On Wed, 2006-01-11 at 09:27 -0800, edwarner99@xxxxxxxxx wrote:
> I have searched the internet for this answer, but to
> have not been able to find one.
Are you including the names of the software that you're trying to use?
e.g. dynamic +DNS +bind +dhcpd
Or you might want to try guessing at a title someone might have used for
a tutorial or howto for that sort of thing (e.g. "local DNS serving
using BIND").
> What is the proper syntax for "allow-transfer { lan; }" to do updates
> using my RNDC key? Per my example below, it does allow it but when I
> start named, I get an error that allowing update via IP address is
> insecure.
You might want to say what you want to use to update the DNS records.
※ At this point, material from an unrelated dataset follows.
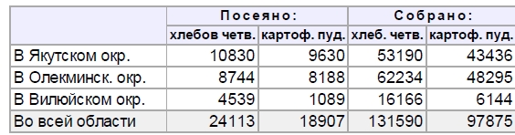 Православных 256737, католиков — 193, армяно-григориан — 2, протестантов — 23, раскольников и сектантов — 1731 (в том числе скопцов 1240), иудеев — 510, магометан — 1896, шаманствующих — 1610. На 100 мжч. в Я. области приходится 96 жнщ. Женщин особенно мало среди войскового сословия, среди регулярного войска и казаков (33 жнщ. на 100 мжч.) и среди ссыльных (40 жнщ. на 100 мжч.). Округа делятся на полицейские участки, участки — на волости и сельские общества, а инородческие местности — на улусы с наслегами и роды. Всего в области 12 полицейских участков, 8 русских и 1 инородческая волость, с 169 населенными местами (в том числе 99 инородческих и 12 населенных ссыльными скопцами), якутских улусов 15, с 251 наслегами (селениями), и 36 родов других инородцев. Мировых судей в области 5; из них 3 проживают в г. Якутске, 1 в г. Олекминске, 1 в г. Вилюйске; верхоянский и колымский исправники исполняют в своих округах обязанности мировых судей. Судебных следователей 2; оба живут в Якутске. 6 наблюдателей церковных школ. 10 врачей; кроме того, имеется врач выселка прокаженных в Вилюйском округе. 3 фельдшерские пункта сс. Сунтарском, Булуне и Нижне-Колымске. 20 церковных благочиний. Областью управляет губернатор. Окружной суд; 4 почтовые и 1 почтово-телеграфные конторы. Отделение попечительства о слепых, тоже Красного Креста с амбулаторией, сиротский детский приют, приют для арестантских детей, якутское благотворит. общество, сельскохозяйственное общество, публичная библиотека, редакции «Епархиальных Ведомостей» и «Якутских Областн. Ведомостей», типография при областном правлении, бесплатная народная библиотека с читальней и общ. собрание; все эти учреждения сосредоточены в областном городе. Земледелие. Упрочению земледелия в крае предшествовала долгая борьба с вредными влияниями естественных условий и с предубеждением инородцев против необычного для них занятия. В течение первого столетия по приходе сюда русских земледелия не существовало; хлебные запасы доставлялись из Иркутской и Енисейской губерний. В 1735 г. из Илимского края были переселены в Амганскую слободу пашенные люди. В 1780 г. посеяно было во всей области всего 735 пд. хлеба, собрано 2822 пд. В 40-х годах XIX в. Миддендорф свидетельствует, что в Як. округе высевалось 4500 пд. разного хлеба и собиралось до 14000 пуд. В 1855 г. в Вилюйском крае земледелие успело уже укорениться, в особенности в Мархинском и Сунтарском улусах, в которых оно и ныне процветает. В 1861 г. были переселены из Туруханского края скопцы, оказавшие большое влияние на местное земледелие; они сразу повели его в широких размерах, при чем потребовалось много наемных рабочих, главную массу которых составляли якуты. Пройдя суровую школу в скопческих хозяйствах, эти рабочие приобрели опытность и сделались потом самостоятельными хозяевами. Скопцы имели в этом отношении благотворное влияние и на русских своих соседей. В 1888 г. собиралось разных хлебов 46673 четв., из них у якутов 20890 четв.; в 1899 г. — 134762 четв., из них у якутов — 83473 четв. Якуты сделались хорошими земледельцами: они расчищают земли из-под леса, осушают низины и болота, заводят на них луга, затем превращают их в пашни. Якутские хозяйства в приленских наслегах по своим размерам и способам обработки земли мало в чем уступают скопческим, которые считаются лучшими в области. Наиболее развито земледелие в Олекминском округе; яку

I've done it with my DHCP server and BIND, but other things might
require a different approach (e.g. dynamic name hosting over the WWW,
like dyndns). I've dropped in a few notes, below, about what worked for
me.
> // Define address range for the local domain.
> acl lan {
> 192.168.100/24;
> 127.0.0.0/24;
> };
>
> options {
> directory "/var/named";
> allow-query { lan; };
> allow-recursion { lan; };
> allow-transfer { lan; };
> listen-on {
> 127.0.0.1;
> 192.168.100.1;
> };
>
> };
I think you'll need to add:
controls {
inet 127.0.0.1 allow { localhost; } keys { rndckey; };
};
> // Localhost Zones
> zone "localhost" IN {
> type master;
> file "localhost.zone";
> allow-update { lan; };
> };
And change the allow-updates to:
allow-update { key "rndckey"; };
Since I think you *can't* allow updating by IP, alone, anymore.
> // Provide a reverse lookup for the loopback address
> 127.0.0.1
> zone "0.0.127.in-addr.arpa" IN {
> type master;
> file "named.local";
> allow-update { lan; };
> };
I don't think you want to allow 127.0.0.1 to be updated.
--
Don't send private replies to my address, the mailbox is ignored.
I read messages from the public lists.